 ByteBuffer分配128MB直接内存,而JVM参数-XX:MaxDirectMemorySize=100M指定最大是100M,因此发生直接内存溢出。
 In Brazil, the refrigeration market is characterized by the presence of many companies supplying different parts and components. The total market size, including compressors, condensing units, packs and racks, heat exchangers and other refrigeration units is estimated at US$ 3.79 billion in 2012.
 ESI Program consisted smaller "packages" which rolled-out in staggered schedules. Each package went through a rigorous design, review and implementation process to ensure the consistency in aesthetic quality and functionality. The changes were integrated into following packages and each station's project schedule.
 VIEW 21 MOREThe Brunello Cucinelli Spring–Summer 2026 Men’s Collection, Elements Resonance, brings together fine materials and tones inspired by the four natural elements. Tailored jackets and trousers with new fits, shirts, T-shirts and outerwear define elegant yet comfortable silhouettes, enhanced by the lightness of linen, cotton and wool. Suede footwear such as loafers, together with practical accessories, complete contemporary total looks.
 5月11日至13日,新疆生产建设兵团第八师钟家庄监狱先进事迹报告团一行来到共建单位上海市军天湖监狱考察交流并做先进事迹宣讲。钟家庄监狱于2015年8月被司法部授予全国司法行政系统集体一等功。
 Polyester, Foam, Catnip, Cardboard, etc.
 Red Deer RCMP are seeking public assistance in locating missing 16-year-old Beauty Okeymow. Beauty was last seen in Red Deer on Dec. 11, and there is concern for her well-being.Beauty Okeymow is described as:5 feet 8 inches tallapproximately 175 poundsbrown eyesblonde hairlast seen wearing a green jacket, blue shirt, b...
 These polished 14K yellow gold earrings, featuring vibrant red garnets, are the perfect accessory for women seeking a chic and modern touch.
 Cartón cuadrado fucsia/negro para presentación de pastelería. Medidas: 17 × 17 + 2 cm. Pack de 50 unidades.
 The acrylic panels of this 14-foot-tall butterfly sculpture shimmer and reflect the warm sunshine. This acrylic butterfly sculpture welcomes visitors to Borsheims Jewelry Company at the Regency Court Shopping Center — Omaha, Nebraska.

» **The task**: Would you write out each entry precisely as it is given?

» **Reply to the exercise**:
 ByteBuffer分配128MB直接内存,而JVM参数-XX:MaxDirectMemorySize=100M指定最大是100M,因此发生直接内存溢出。
 In Brazil, the refrigeration market is characterized by the presence of many companies supplying different parts and components. The total market size, including compressors, condensing units, packs and racks, heat exchangers and other refrigeration units is estimated at US$ 3.79 billion in 2012.
 ESI Program consisted smaller "packages" which rolled-out in staggered schedules. Each package went through a rigorous design, review and implementation process to ensure the consistency in aesthetic quality and functionality. The changes were integrated into following packages and each station's project schedule.
 VIEW 21 MOREThe Brunello Cucinelli Spring–Summer 2026 Men’s Collection, Elements Resonance, brings together fine materials and tones inspired by the four natural elements. Tailored jackets and trousers with new fits, shirts, T-shirts and outerwear define elegant yet comfortable silhouettes, enhanced by the lightness of linen, cotton and wool. Suede footwear such as loafers, together with practical accessories, complete contemporary total looks.
 5月11日至13日,新疆生产建设兵团第八师钟家庄监狱先进事迹报告团一行来到共建单位上海市军天湖监狱考察交流并做先进事迹宣讲。钟家庄监狱于2015年8月被司法部授予全国司法行政系统集体一等功。
 Polyester, Foam, Catnip, Cardboard, etc.
 Red Deer RCMP are seeking public assistance in locating missing 16-year-old Beauty Okeymow. Beauty was last seen in Red Deer on Dec. 11, and there is concern for her well-being.Beauty Okeymow is described as:5 feet 8 inches tallapproximately 175 poundsbrown eyesblonde hairlast seen wearing a green jacket, blue shirt, b...
 These polished 14K yellow gold earrings, featuring vibrant red garnets, are the perfect accessory for women seeking a chic and modern touch.
 Cartón cuadrado fucsia/negro para presentación de pastelería. Medidas: 17 × 17 + 2 cm. Pack de 50 unidades.
 The acrylic panels of this 14-foot-tall butterfly sculpture shimmer and reflect the warm sunshine. This acrylic butterfly sculpture welcomes visitors to Borsheims Jewelry Company at the Regency Court Shopping Center — Omaha, Nebraska.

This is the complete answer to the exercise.